The short answer
Your Wix site gets a free SSL certificate. It is provisioned automatically and renewed automatically. There is no button to press, no yearly fee, and nothing to remember.
That means if an SSL check on your Wix site fails, you are almost certainly looking at one of three things: the certificate has not finished provisioning yet, your pages are loading something over plain HTTP, or you are trying to do something Wix does not allow.
If you just connected your domain, wait
Certificate provisioning on Wix can take up to 48 hours. During that window your site can show a certificate warning, and that is expected rather than broken.
This is the single most common "my Wix SSL is broken" situation, and the fix is patience. Do not start changing DNS records to hurry it along, because that usually restarts the clock.
If you are past 48 hours and still seeing warnings, then something is genuinely wrong and it is worth contacting Wix.
You cannot bring your own certificate
Wix does not support third-party certificates. If you already bought one, or your organisation requires a specific issuer, that is not going to work here. The free automatic certificate is the only option.
Note that Wix's pages on third-party SSL are feature-request pages actively collecting votes, so this is a "currently" rather than a permanent answer.

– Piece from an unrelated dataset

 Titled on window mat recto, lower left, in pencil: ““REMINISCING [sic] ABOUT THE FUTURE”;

One related point: we are not going to name Wix's certificate authority, because we could not confirm it. If you are considering CAA records, which restrict which authorities may issue for your domain, do not guess. A wrong CAA record blocks renewal, and on Wix you have no manual override.

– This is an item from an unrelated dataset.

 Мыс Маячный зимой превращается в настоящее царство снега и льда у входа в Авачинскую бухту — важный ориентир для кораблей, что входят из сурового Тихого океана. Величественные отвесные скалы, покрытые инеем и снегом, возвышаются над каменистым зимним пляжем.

The real culprit: mixed content
Here is the situation that confuses people most. Your certificate is valid, HTTPS works, and the browser still shows the padlock as broken or missing.

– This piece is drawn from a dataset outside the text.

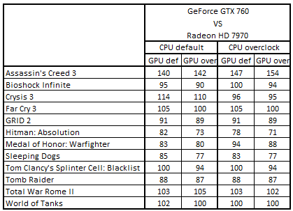 Сводная таблица производительности GeForce GTX 760 2048 Mбайт и Radeon HD 7970 3072 Мбайт, где за 100% взят результат Radeon HD 7970 3072 Мбайт

That is mixed content. The page itself loaded over HTTPS, but something on it, an image, a font, an embedded widget, a script, was requested over plain http://. Browsers flag the whole page for it, and they will often block the resource outright, which is why an embed sometimes just vanishes.
What to look for:
- →Images and files linked with an http:// address, especially anything hosted somewhere other than Wix.
- →Embedded third-party widgets such as chat, booking, review or map embeds. Old embed snippets are the usual offenders.
- →Custom code you pasted in that references an http:// URL. If the snippet is old, it probably does.
- →Anything copied from an old site during a migration. Content brings its old links with it.
Fixing mixed content
The fix itself is simple. Find every http:// reference and change it to https://, or re-add the resource so it comes from a source that supports HTTPS.
Your browser tells you exactly where they are. Open the page, open developer tools, and look at the console. Mixed content warnings name the offending URL.
One thing to avoid: protocol-relative URLs, the ones written as //example.com with no http or https. They were a legitimate trick years ago. They are no longer recommended. Just write https:// and be explicit.
The order matters
If you are also working through the rest of your security checks, do them in this order. It is not a style preference, it is how you avoid locking visitors out of your own site.
- 1.Certificate first. Make sure it is issued and valid. On Wix this means waiting out the provisioning window.
- 2.Then HTTPS everywhere. Every page loads over HTTPS, and mixed content is gone.
- 3.Then HSTS. This tells browsers to refuse plain HTTP for your domain in future.
A note on HSTS
On Wix, this step is out of your hands and that is mostly good news. At the time of writing Wix sites already respond with HSTS, and you could not change it anyway. See our security headers on Wix page for the full picture, or the HSTS glossary entry for what it does.
While we are here: do not go looking for HSTS preloading. Preload lists require a year-long max-age, includeSubDomains, a valid certificate, an HTTP to HTTPS redirect, and every subdomain on HTTPS. Inclusion cannot easily be undone, and removal takes months to reach people as a browser update. It is not a casual toggle, and on Wix it is not yours to toggle regardless.
Run your site through our free safety check to confirm the fix is live, and see what else a shopper would notice.
Run a free checkFrequently asked questions
Do I need to buy an SSL certificate for my Wix site?
No. Wix provides a free certificate, provisions it automatically and renews it automatically. There is nothing to buy and nothing to renew.
My Wix site says not secure. What do I do?
If you connected the domain recently, wait. Provisioning can take up to 48 hours and a warning during that window is normal. If the certificate is already valid, the cause is almost certainly mixed content, meaning something on the page is loading over http:// instead of https://.
Can I use my own SSL certificate on Wix?
No. Wix does not support third-party certificates. Wix's pages on this are feature-request pages that are still collecting votes, so it is a currently rather than a never, but today the free automatic certificate is the only option.
How do I find what is causing mixed content?
Open the affected page, open your browser developer tools and read the console. Mixed content warnings name the exact URL that loaded over http://. The usual sources are old third-party embeds, images hosted elsewhere, and custom code snippets copied from an old site.
Does my Wix certificate renew automatically?
Yes. Provisioning and renewal are both automatic. This is one area where being on Wix genuinely removes work, since expired certificates are a common failure on self-managed sites.